Clara tak kuasa menahan air mata. Ia bangkit perlahan dan memeluk wanita tua itu erat-erat.
“Bibi Shu…” isaknya pelan.
Bibi Shu membalas pelukan itu, menepuk punggung Clara lembut, ikut menangis dalam haru.
Di ruang periksa rumah sakit.
Andrian duduk di kursi pasien, mengenakan kemeja putih dengan beberapa kancing terbuka. Di hadapannya, dokter senior berdiri sambil memegang berkas hasil pemeriksaan.
“Tuan Zhou,” ujar dokter dengan nada hati-hati, “hasil tes terakhir menunjukkan fungsi jantung Anda menurun cukup signifikan.”
Andrian terdiam, matanya tertuju pada lembar laporan yang diletakkan di atas meja.
“Penurunan ini disebabkan oleh stres emosional yang berat. Tekanan darah Anda sempat tidak stabil selama beberapa hari terakhir. Jika kondisi ini dibiarkan, risikonya bisa berujung pada serangan jantung,” lanjut sang dokter.
Andrian menegakkan punggungnya, meski tubuhnya terasa lemah.

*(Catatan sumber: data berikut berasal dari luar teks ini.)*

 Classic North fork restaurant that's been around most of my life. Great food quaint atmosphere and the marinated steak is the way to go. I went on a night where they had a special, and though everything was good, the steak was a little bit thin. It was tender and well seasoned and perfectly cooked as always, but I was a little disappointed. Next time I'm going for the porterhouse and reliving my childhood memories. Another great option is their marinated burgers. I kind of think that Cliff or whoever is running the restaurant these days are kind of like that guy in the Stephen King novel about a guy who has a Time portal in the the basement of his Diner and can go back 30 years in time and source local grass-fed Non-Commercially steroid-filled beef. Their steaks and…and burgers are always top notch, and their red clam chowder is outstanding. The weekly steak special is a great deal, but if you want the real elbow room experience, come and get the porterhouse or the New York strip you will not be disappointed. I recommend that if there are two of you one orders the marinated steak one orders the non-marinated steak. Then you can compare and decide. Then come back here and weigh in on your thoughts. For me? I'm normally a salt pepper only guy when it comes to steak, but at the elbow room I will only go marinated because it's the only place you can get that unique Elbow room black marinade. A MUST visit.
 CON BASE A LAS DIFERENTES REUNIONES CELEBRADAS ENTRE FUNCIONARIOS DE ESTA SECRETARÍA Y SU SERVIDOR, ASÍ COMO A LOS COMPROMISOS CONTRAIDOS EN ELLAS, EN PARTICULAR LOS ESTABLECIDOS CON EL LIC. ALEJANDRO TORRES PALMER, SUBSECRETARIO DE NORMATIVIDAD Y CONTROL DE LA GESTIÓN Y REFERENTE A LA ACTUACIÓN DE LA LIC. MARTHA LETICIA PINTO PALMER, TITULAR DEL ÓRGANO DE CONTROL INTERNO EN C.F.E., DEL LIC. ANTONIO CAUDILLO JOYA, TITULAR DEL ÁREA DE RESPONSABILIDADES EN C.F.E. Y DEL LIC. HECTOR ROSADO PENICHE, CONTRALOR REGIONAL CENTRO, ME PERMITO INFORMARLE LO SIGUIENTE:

“Seberapa parah?” tanyanya pelan.
“Cukup serius, Tuan. Kami menyebutnya sebagai kondisi cardiac insufficiency. Jantung Anda bekerja lebih keras dari seharusnya untuk memompa darah. Saya sarankan untuk menghindari emosi berlebihan dan istirahat total sementara waktu.”
Andrian menghela napas panjang.
“Menghindari emosi?” gumamnya lirih. “Bagaimana mungkin, jika separuh alasan saya bertahan hidup sedang terbaring di ruang sebelah?”

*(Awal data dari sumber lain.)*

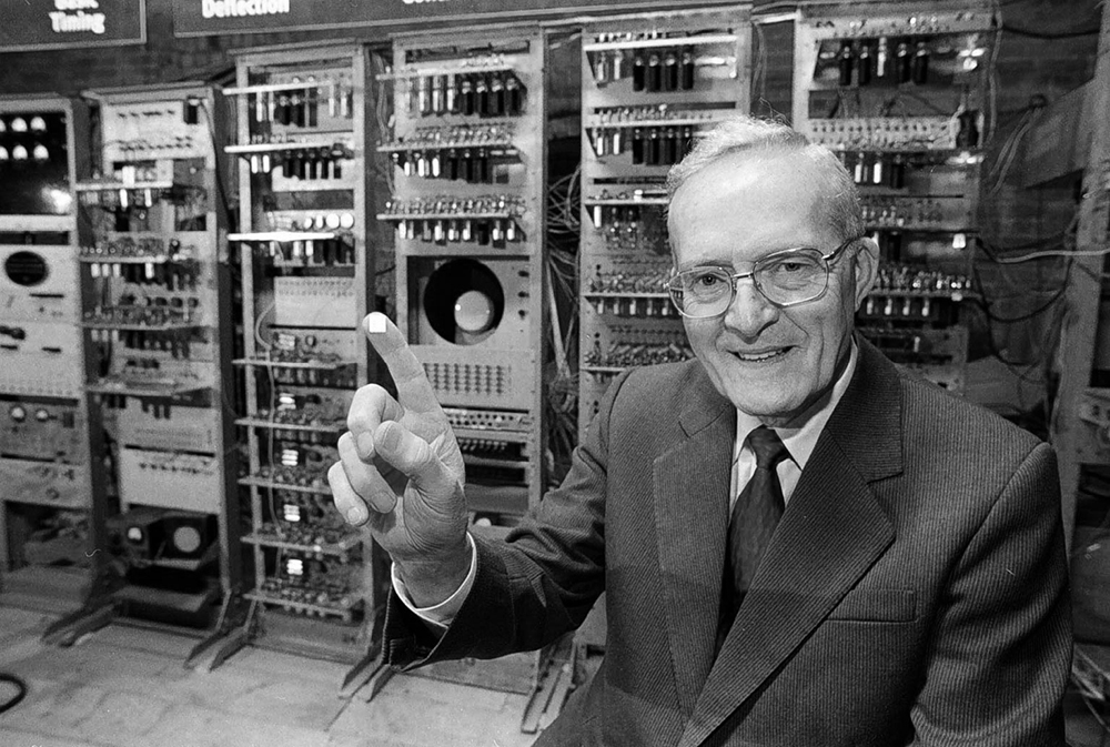 Том Килберн с современным компьютерным чипом на пальце. На заднем плане — Малая экспериментальная машина, созданная Килберном в 1948 году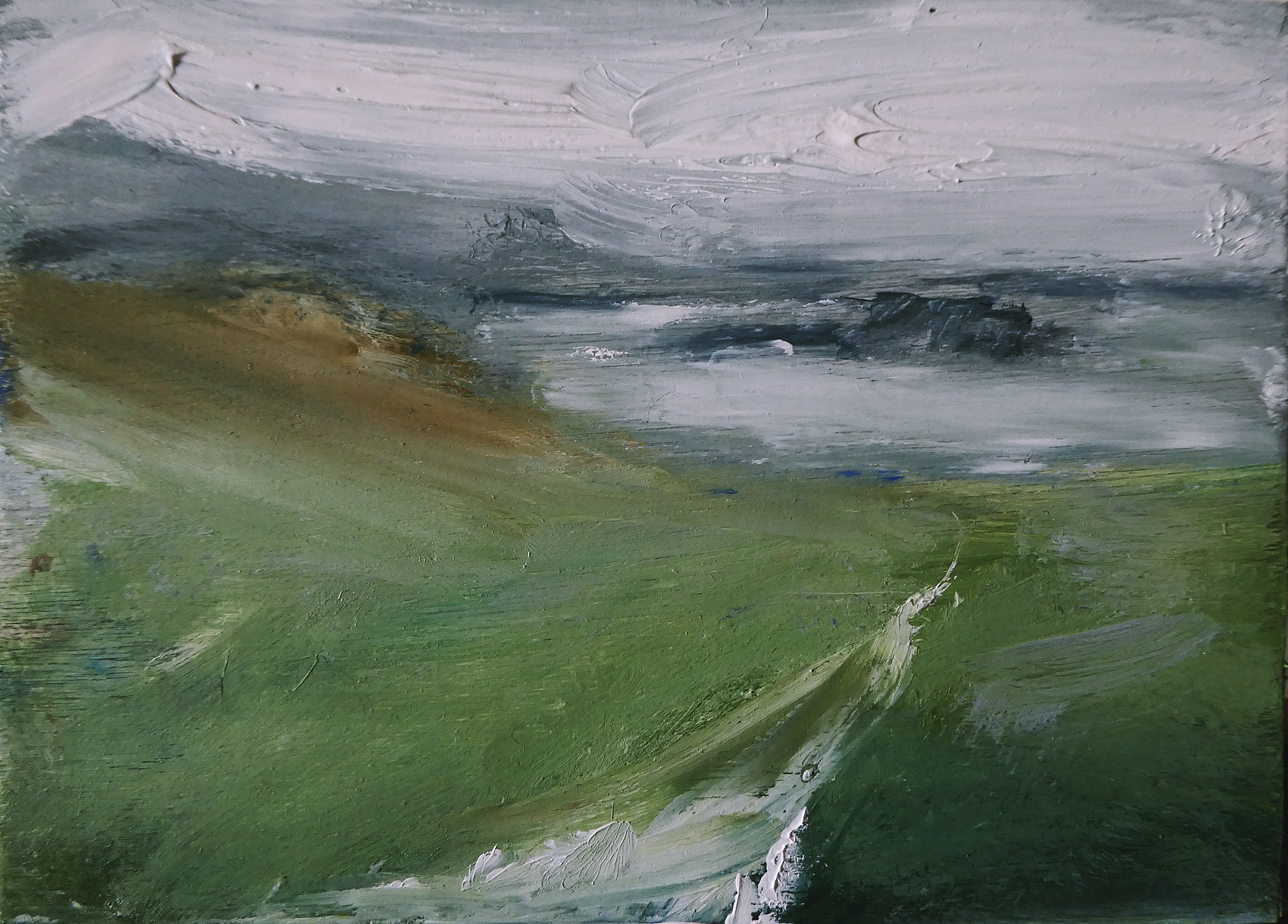 ‘Coigach 3’. Oil on 5×7″ wood. Rose Strang 2023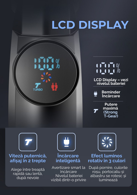 🔇 Motor silentios, dar puternic 7200RPM Functionare discreta, dar eficienta, ideala si pentru copii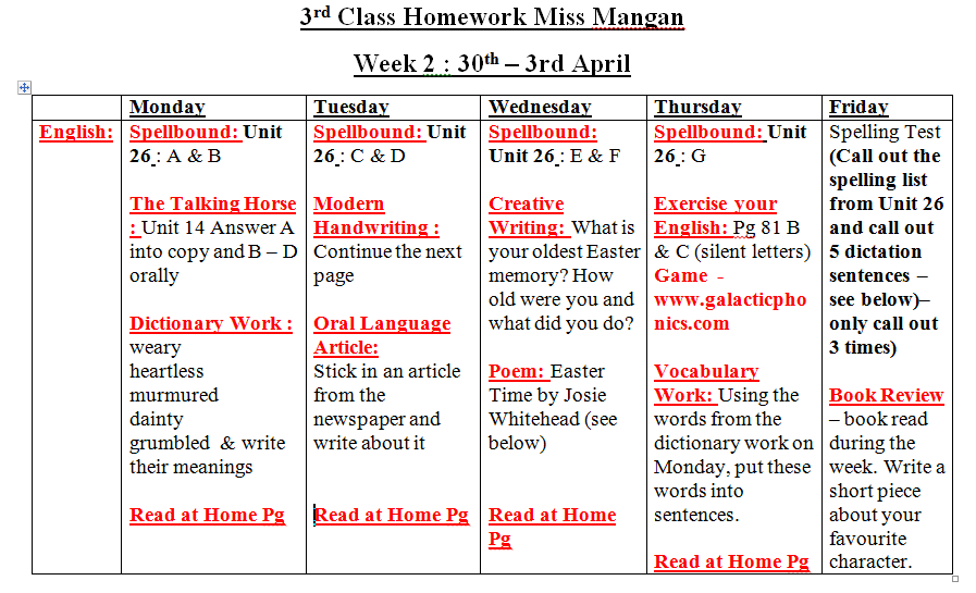 I hope that you all had a good week and that you managed with the homework. I do want to take this opportunity to thank each and every one of you for your continued support and patience through this very difficult time and know that I hugely appreciate it. As I mentioned last week, try to complete each day as best you can and if the work given is proving stressful in any way, please take a break from it. If you have any questions or encounter any difficulties with the work, please don’t hesitate to email me at yvonnemangan10@gmail.com. I will be in contact with you again over the coming week.

Dokter menatapnya penuh simpati.
“Saya mengerti, Tuan Zhou. Tapi jika Anda terus memaksakan diri, nyawa Anda pun bisa terancam. Ini sudah saya sarankan dari empat tahun lalu. Kalau terulang lagi belum tentu bisa seberuntung seperti kemarin."
"Andrian Zhou, kau bisa dikalahkan oleh penyakit ini," batinnya.